Input data -
>>

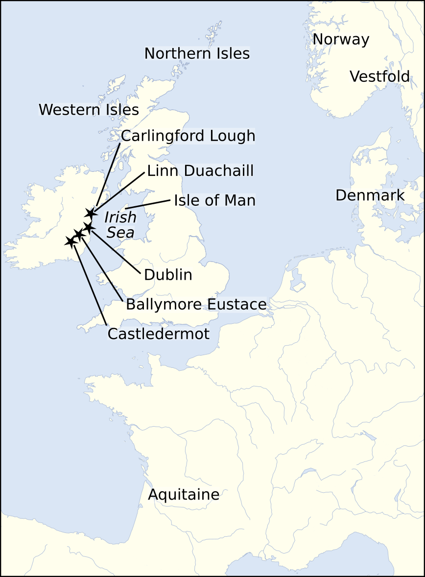 A map created for the English Wikipedia article Tomrair. The map shows some locations mentioned in the article.
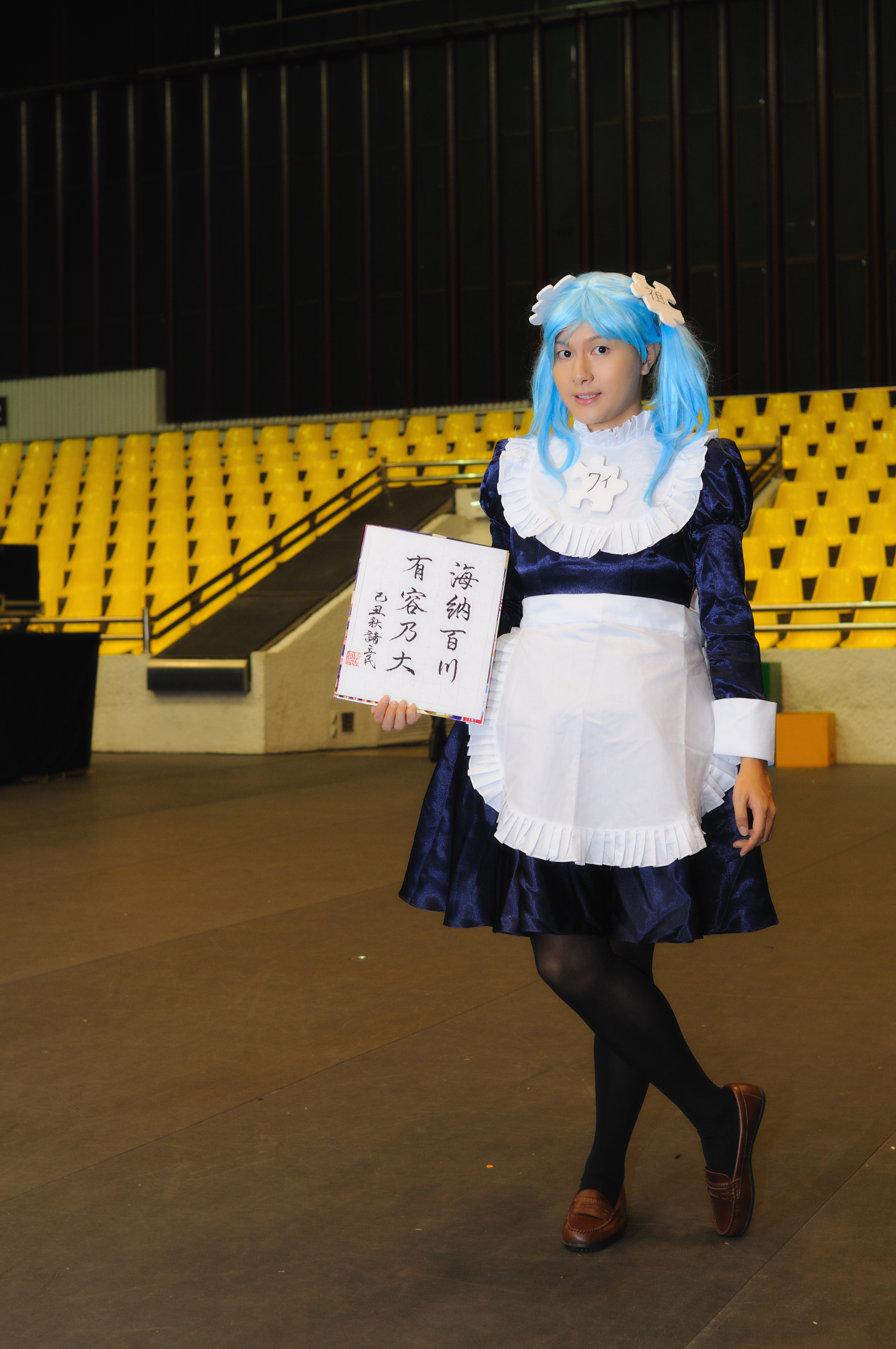 A cosplayer SoHome Jacaranda dressed as Wikipedia's anime mascot Wikipe-tan at the fifth Macau Comics Festival in Macau. Character designer: Kasuga Cosplayer: SoHome Jacaranda / SoHome Jacaranda Lilau Photography: Ken KONOE Photo holder: Wikimedia Hong Kong
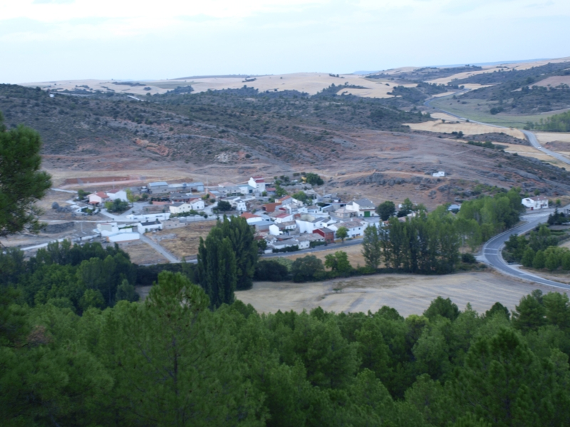 Panorámica Tórtola

<<

Your objective -
With all pictures omitted, return the lines from the line containing "A cosplayer SoHome" through the closing line of the listing above, exactly and inclusive.

Response area -
 A cosplayer SoHome Jacaranda dressed as Wikipedia's anime mascot Wikipe-tan at the fifth Macau Comics Festival in Macau. Character designer: Kasuga Cosplayer: SoHome Jacaranda / SoHome Jacaranda Lilau Photography: Ken KONOE Photo holder: Wikimedia Hong Kong
 Panorámica Tórtola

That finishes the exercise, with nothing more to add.